É impossível escapar deles: ao navegar nas redes sociais, assistir à TV e até conferir livros de autoajuda ou filmes no cinema lá estão os famigerados “influenciadores”. Na última década, a categoria tornou-se a cara do vazio e da superficialidade da era digital, ao vender estilos de vida supostamente autênticos no Instagram, Facebook ou TikTok — e tome foto com bichinho, novo look clicado de forma “espontânea” num iate e textões “sinceros” sobre tudo. Mina de ouro para a publicidade, com sua capacidade aparentemente infinita de atrair milhões de seguidores, essas celebridades enriqueceram e ganharam poder para além dos cliques — chegaram ao topo do mundo, enfim.
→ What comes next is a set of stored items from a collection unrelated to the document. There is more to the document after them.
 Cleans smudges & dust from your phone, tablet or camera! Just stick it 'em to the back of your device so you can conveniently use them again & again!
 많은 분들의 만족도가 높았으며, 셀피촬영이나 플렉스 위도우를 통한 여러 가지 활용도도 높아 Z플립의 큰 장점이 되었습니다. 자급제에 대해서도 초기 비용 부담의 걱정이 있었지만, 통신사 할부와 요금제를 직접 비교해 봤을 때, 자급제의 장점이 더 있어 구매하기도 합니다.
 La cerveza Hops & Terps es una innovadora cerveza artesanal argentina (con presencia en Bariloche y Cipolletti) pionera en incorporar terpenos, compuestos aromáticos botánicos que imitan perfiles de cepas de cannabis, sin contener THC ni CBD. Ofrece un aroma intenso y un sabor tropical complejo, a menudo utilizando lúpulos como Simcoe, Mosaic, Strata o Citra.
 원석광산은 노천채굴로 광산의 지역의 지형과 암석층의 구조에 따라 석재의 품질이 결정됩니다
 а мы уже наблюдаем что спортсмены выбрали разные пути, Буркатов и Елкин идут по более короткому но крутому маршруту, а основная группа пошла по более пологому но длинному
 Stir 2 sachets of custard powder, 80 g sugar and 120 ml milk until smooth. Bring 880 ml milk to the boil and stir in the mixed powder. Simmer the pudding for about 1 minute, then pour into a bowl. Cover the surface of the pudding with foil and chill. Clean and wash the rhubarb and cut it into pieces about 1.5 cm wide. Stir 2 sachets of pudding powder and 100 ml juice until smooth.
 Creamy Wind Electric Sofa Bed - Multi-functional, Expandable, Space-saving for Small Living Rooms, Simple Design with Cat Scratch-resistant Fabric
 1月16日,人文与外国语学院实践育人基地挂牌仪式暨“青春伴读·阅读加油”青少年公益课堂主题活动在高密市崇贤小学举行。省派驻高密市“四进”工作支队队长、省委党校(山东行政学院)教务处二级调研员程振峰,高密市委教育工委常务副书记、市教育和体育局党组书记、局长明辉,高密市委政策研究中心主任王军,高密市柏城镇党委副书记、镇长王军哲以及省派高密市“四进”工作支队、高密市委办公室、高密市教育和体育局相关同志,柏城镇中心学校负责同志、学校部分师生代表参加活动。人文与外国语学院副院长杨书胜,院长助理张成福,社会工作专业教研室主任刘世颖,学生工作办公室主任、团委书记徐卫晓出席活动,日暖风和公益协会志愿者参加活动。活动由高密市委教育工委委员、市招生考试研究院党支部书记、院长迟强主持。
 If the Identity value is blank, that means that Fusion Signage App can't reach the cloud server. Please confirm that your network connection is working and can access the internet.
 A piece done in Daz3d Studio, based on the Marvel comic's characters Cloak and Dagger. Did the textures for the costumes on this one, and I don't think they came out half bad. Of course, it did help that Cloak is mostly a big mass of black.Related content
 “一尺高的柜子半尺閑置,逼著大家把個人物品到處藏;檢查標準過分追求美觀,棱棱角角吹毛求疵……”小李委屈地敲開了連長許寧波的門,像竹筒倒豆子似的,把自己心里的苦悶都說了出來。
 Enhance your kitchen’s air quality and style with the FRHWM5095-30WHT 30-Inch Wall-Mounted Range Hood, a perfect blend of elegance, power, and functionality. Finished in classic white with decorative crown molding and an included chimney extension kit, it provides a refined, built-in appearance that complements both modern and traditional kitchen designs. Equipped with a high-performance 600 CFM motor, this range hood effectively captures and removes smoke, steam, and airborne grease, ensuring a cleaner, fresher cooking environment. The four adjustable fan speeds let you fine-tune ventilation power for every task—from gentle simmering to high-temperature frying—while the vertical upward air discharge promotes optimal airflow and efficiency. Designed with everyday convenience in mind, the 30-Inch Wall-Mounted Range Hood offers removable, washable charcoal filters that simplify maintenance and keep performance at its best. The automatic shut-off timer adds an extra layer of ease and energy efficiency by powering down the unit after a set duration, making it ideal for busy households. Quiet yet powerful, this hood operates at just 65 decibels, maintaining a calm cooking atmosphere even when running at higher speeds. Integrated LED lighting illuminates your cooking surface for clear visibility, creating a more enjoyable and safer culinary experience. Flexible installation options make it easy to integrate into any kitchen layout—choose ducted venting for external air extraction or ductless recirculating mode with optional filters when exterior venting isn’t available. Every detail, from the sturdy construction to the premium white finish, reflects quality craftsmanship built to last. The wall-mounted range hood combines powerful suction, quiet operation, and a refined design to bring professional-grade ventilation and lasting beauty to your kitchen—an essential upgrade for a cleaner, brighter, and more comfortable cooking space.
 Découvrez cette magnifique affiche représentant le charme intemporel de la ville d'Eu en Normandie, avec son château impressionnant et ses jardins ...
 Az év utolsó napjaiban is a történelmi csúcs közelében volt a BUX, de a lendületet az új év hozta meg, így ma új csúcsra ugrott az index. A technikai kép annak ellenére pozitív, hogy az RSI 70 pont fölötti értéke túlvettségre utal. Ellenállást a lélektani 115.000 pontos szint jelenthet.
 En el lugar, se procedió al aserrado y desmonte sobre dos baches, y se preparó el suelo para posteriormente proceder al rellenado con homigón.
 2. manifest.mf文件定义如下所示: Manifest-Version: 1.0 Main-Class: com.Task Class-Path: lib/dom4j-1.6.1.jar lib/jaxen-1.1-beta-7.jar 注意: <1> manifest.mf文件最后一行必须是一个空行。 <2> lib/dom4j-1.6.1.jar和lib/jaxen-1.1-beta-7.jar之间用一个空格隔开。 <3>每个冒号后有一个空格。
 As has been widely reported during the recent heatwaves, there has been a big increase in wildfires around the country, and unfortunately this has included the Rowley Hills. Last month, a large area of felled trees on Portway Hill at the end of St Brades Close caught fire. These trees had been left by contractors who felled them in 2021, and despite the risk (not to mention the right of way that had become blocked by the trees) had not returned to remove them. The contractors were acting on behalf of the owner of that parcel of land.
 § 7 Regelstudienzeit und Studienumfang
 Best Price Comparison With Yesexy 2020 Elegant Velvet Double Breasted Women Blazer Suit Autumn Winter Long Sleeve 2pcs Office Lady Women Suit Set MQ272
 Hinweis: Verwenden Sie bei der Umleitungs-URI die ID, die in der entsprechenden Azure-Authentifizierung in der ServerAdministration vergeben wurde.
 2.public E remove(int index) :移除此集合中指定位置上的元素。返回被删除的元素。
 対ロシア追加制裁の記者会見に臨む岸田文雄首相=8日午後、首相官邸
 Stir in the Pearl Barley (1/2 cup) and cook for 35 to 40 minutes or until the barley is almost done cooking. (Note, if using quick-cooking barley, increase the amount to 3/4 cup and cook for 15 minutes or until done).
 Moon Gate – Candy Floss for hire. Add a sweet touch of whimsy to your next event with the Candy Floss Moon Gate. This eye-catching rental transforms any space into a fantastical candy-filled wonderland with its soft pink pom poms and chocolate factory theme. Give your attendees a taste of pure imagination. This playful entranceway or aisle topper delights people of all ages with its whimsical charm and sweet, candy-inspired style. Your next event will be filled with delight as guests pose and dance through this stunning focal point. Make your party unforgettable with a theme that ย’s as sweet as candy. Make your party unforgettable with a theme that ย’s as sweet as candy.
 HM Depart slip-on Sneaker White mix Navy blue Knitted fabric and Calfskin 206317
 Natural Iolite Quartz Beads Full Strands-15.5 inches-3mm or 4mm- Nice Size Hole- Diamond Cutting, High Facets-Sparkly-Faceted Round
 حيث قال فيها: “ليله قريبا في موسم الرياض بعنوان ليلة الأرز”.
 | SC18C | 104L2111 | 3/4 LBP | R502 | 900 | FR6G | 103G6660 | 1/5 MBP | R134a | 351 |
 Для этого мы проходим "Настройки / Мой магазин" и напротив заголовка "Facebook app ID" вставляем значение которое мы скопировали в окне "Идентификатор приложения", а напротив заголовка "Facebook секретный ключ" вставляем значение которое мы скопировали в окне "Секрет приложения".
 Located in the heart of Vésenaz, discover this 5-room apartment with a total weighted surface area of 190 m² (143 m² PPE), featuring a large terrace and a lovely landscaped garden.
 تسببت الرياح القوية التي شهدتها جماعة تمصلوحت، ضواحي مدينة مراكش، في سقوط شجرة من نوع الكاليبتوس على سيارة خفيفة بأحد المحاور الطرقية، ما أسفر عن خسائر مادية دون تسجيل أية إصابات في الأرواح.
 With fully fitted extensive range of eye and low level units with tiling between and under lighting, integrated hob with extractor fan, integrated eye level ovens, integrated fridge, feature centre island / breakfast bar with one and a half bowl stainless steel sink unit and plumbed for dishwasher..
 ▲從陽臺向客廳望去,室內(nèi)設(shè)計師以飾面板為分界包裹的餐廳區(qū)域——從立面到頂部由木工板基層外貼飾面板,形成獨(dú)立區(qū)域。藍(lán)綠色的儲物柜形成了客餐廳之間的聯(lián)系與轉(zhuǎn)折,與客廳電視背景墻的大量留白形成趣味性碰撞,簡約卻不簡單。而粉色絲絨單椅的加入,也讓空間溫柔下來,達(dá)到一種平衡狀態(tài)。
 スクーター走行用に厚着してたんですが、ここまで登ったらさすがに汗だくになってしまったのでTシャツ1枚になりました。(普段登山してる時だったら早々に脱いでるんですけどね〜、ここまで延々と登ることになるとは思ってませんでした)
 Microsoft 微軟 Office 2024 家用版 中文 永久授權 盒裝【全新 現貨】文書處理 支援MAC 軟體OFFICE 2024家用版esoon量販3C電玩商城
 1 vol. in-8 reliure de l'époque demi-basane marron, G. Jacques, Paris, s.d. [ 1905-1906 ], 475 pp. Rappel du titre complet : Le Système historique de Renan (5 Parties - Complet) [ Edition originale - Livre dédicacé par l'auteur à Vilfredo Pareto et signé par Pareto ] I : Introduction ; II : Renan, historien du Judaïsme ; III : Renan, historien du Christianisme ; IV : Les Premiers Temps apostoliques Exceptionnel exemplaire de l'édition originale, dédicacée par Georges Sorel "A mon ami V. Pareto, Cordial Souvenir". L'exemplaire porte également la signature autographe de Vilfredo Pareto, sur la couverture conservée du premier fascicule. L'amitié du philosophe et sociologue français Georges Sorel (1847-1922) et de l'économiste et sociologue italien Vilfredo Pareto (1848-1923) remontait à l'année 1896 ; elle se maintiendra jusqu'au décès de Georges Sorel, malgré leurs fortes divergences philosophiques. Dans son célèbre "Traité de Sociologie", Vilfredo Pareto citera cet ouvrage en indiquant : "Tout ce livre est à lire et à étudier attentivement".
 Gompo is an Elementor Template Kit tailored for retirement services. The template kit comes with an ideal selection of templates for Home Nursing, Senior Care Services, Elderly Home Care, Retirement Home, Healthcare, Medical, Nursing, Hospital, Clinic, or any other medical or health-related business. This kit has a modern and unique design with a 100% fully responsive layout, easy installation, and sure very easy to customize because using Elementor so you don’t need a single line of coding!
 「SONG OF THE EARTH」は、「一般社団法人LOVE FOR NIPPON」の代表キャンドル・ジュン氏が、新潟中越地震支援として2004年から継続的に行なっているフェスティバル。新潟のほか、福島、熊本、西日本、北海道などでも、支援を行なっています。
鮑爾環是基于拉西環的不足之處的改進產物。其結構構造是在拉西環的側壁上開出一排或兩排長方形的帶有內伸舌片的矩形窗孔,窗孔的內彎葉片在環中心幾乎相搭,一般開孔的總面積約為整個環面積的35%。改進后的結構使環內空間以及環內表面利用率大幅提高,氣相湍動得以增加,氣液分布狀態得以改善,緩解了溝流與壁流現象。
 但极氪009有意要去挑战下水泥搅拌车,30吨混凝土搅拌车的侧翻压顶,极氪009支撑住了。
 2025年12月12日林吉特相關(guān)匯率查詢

Mas começam a surgir sinais concretos de que o excesso de hedonismo e inconsequência no uso desse poder agora cobra sua fatura: o reinado dos influencers está em xeque — e não apenas no Brasil.
Uma das provas mais recentes das rachaduras na imagem dessas figuras vem do exterior. Blogueira desde 2009, a italiana Chiara Ferragni construiu uma fortuna de 530 milhões de reais com compartilhamentos sobre sua rotina. Atraía quase 30 milhões de seguidores no Instagram até dezembro, quando sua credibilidade ruiu com um escândalo: em campanha para uma marca de doces, a empresária de 36 anos alegava que todas as vendas seriam revertidas para um hospital infantil, mas o saldo de 1 milhão de euros (5,3 milhões de reais) acabou embolsado pela marca e por Chiara. O caso resultou numa multa milionária por práticas comerciais lesivas, na fuga de parceiros importantes como a Coca-Cola, além da perda de mais de 151 000 admiradores no último mês.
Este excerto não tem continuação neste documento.